Good work Alistair!!! At last a thoughtful contribution on this subject and a sensible effort to figure out what is going on. Only when you understand how the shape of the distribution of prices over time is changing, can you understand the impact of policy and purchaser behaviour. Only then can you adjust policy for the best effect.This might be called evidence based policy formation ...

The median like the average is a measure of the central point of a distribution. The median is more resistant to distortion from outlier prices than the average is. The result is that where there are a larger number of lower value properties than higher value properties, the average will be more volatile than the median, but the median will be affected as well. More statistical analysis allows a more boring but better understanding. Although it doesn't make for sexy headlines or sound bites, meaningful statements in this space require understanding a little more about statistics and choosing appropriate policy settings require more than hysteria, knee jerk reactions, and political point scoring.

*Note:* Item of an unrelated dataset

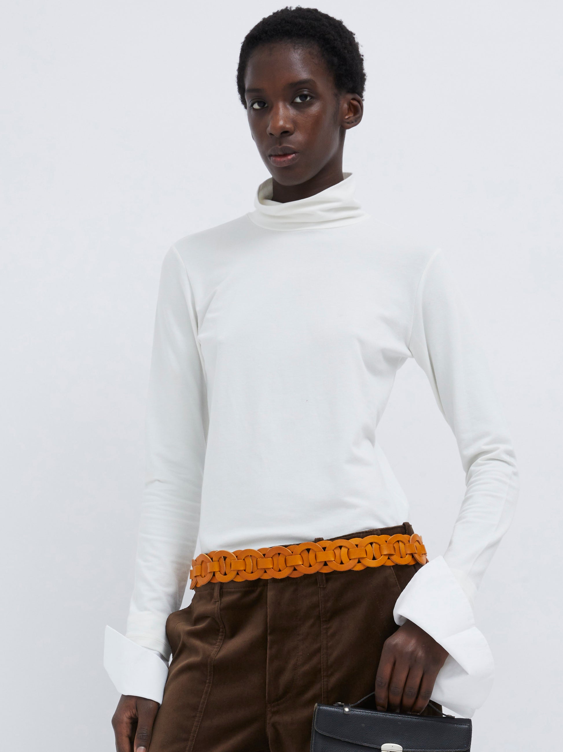 This white long-sleeve jersey top features a stylish turtleneck and classic shirt cuffs, combining comfort with a refined look. Perfect for layering or wearing on its own for a sleek, modern outfit.

The problem with QVRP and their stats etc is that it is peopled by Valuers who thought that with their higher intellectual platform they could provide all sorts of interesting data and analysis on the marketplace and make money out of it because other scources were defficient and they alone understood the market better.They are slowly realising that the property market is transaction driven irrespective of the worth of their analysis and thats a blindspot for them and by drilling deeper they actually become further divorced from the marketplace.What they havent been able to do is understand the drivers and they never will because they are analysers of past events.They are in many cases producing things that buyers and sellers dont need or want so they wont make money that way.